▶ **Data below**
++++

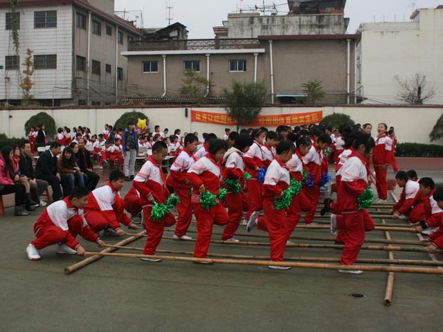 随后,分年级各自展示了竹杠舞、兔子舞、跳小绳、跳大绳、踢毽子、广播操、队列队形七项比赛。同学们个个精神振奋,神采飞扬,充满朝气,尽显活力。现场气氛热烈,活动精彩纷呈。其中,小学部展示的竹竿舞、跳大绳,中学部展示的兔子舞和队形队列给现场师生留下了深刻的印象和美好的回忆。让大家真切感受了阳光体育的情趣和魅力,体验了趣味活动带来的激情和欢乐。
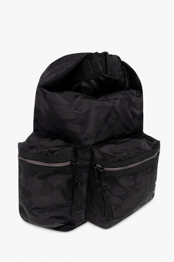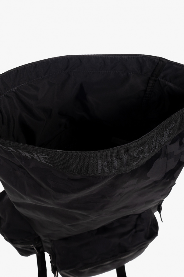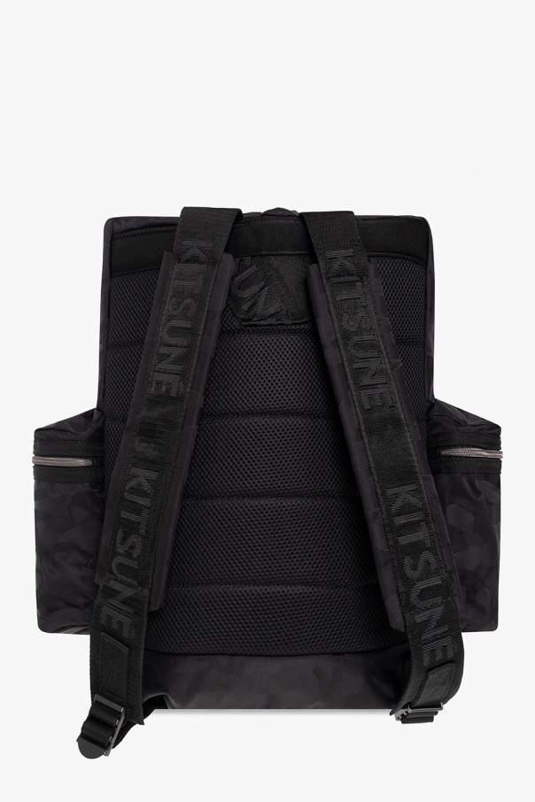 Black backpack from Maison Kitsune x Eastpak. Crafted from recycled material with waterproof properties, this design showcases a camo pattern accompanied by a logo and a wrapped top with a snap closure. It is complete with three zip pockets, adjustable shoulder straps, black and silver-tone metal hardware and one internal compartment with two slip pockets.
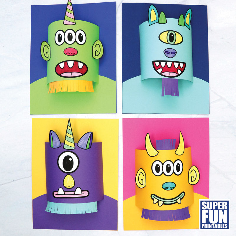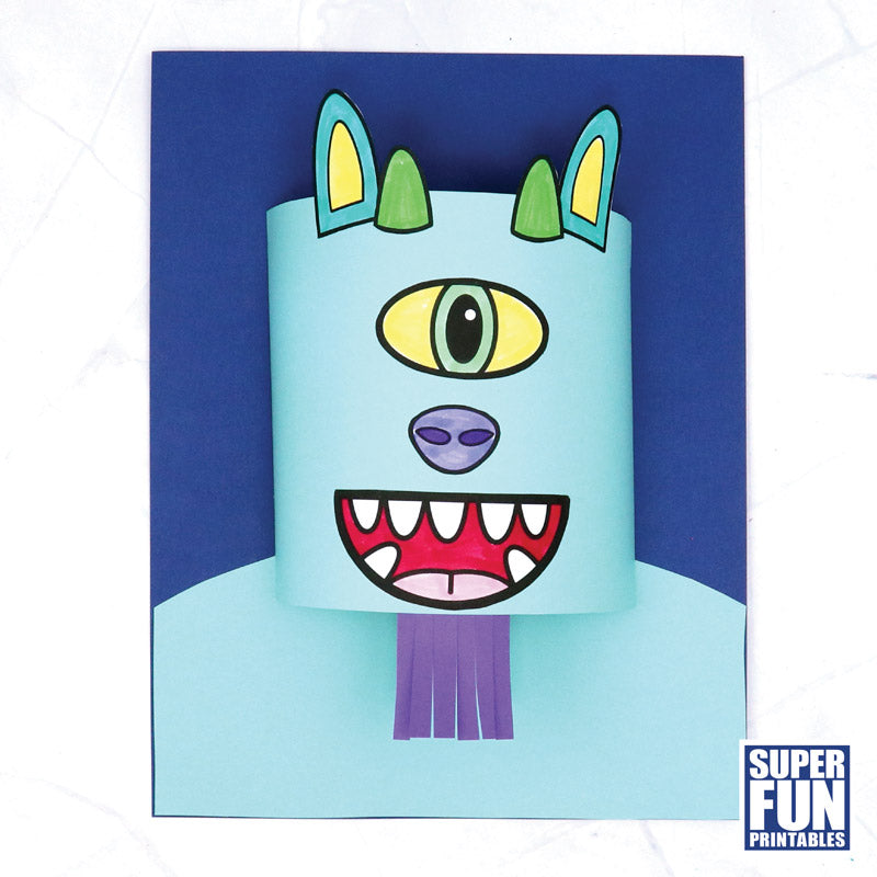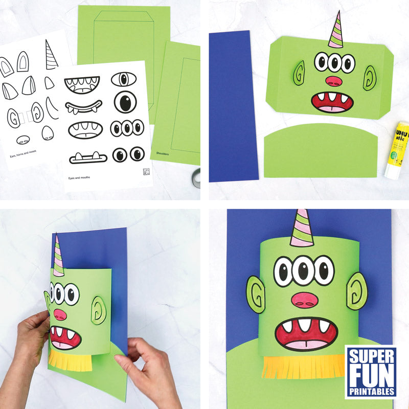 This printable craft includes the template for a pop-out head and shoulders along with a set of mix-and-match facial features so that kids can design their own unique monster characters.
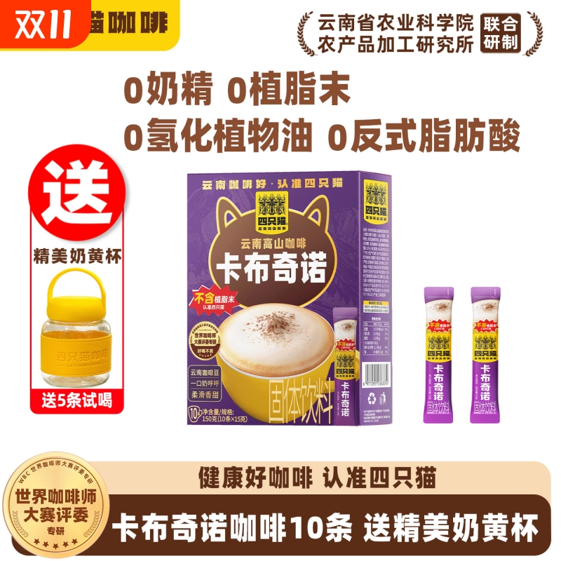四只猫 0植脂末新款四口味拿铁特浓卡布三合一速溶咖啡送小奶杯

++++

▶ **What you are asked to do**
Skip the pictures. Please copy exactly the lines from the one with "This printable craft" through the final line of the material above, both ends included.

▶ **Response area**
 This printable craft includes the template for a pop-out head and shoulders along with a set of mix-and-match facial features so that kids can design their own unique monster characters.
四只猫 0植脂末新款四口味拿铁特浓卡布三合一速溶咖啡送小奶杯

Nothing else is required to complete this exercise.